La colonne dense gravissait en serpentant le flanc infertile du Chaendaer, sa queue encore dans Rhuidean alors que sa tête atteignait la crête, puis redescendait sur des plateaux montueux accidentés, parsemés de flèches rocheuses et de buttes tabulaires, certaines striées de rouge ou d’ocre parmi le gris ou le brun. L’air était si clair que Moiraine pouvait voir à des lieues à la ronde, même après qu’ils furent descendus du Chaendaer. De grands arcs naturels se dressaient et, dans toutes les directions, des montagnes tendaient vers le ciel leurs cimes déchiquetées. Des creux et des ravins à sec crevassaient un terrain parsemé çà et là de buissons épineux bas et de plantes aphylles à piquants. Les arbres rares, noueux et rabougris, avaient aussi généralement des piquants ou des épines. Le soleil le transformait en four, ce pays. Un pays dur qui avait formé un peuple dur. Cependant Lan n’était pas le seul à changer, ou à être changé. Elle aurait bien voulu voir ce que Rand ferait finalement des Aiels. C’était un long voyage qui les attendait tous.
8
De Vautre côté de la frontière
Perchée à l’arrière du chariot cahotant, Nynaeve se servait d’une main pour garder son équilibre et de l’autre son chapeau de paille tout en observant la violente tempête de sable qui diminuait dans le lointain. Le large bord ombrageait sa figure dans la chaleur matinale, mais la brise produite par la course rapide et bruyante du chariot suffisait à l’arracher de sa tête en dépit de l’écharpe rouge foncé nouée sous son menton. Des prairies légèrement vallonnées avec çà et là des bosquets défilaient de chaque côté, l’herbe flétrie et rare à cause de la température de cette fin d’été ; la poussière brassée par les roues du chariot obscurcissait un peu sa vision et la faisait tousser, par-dessus le marché. Les nuages blancs dans le ciel étaient mensongers. Il n’y avait pas eu de pluie depuis qu’ils avaient quitté Tanchico, voilà des semaines, et du temps s’était écoulé depuis que la large voie en terre battue avait supporté la circulation de chariots qui la maintenaient naguère bien tassée.

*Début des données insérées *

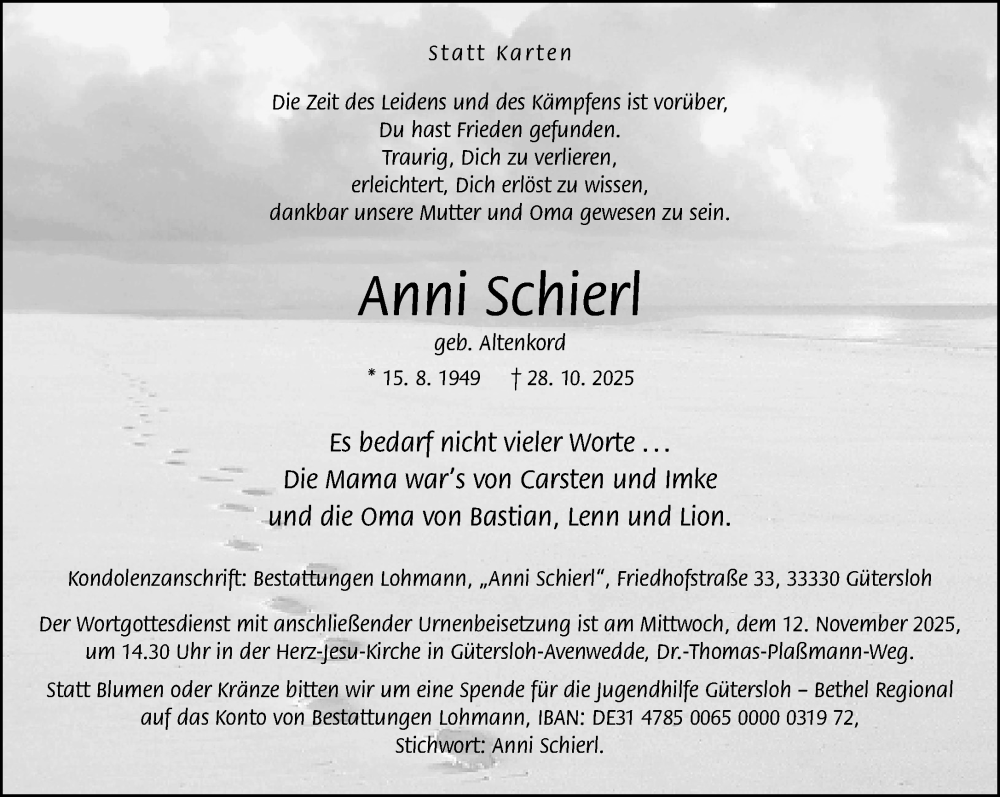 Hier finden Sie alle Traueranzeigen aus der Zeitung, die bisher für Anni Schierl erschienen sind. Weitere Traueranzeigen, die in der Zeitung erscheinen, werden hier ebenfalls aufgelistet

Personne ne surgit à cheval de cette muraille brune compacte en apparence, ce qui était aussi bien. Elle n’éprouvait plus sa colère contre les brigands qui avaient tenté de les arrêter si près d’échapper à la folie régnant au Tarabon et, à moins d’être en colère, elle ne pouvait sentir la Vraie Source et moins encore canaliser. Même en colère, elle avait été surprise d’avoir réussi à soulever pareille tempête ; une fois déchaînée, pleine de la fureur de Nynaeve, cette tempête s’était mise à vivre par elle-même. Elayne aussi avait été saisie par son ampleur, bien que, heureusement, elle n’en ait rien dit à Thom ou à Juilin. Mais même si sa force s’accroissait – ses professeurs, à la Tour, lui avaient bien dit que cette force grandirait et, à coup sûr, aucune d’elles n’était assez forte pour l’emporter sur une des Réprouvés comme elle l’avait fait –même avec une puissance accrue elle avait encore cette limitation. Que de ces bandits se représentent et Elayne aurait à se débrouiller seule avec eux, et elle ne voulait pas de ça. Sa première colère s’était évanouie, mais elle s’en préparait habilement une autre.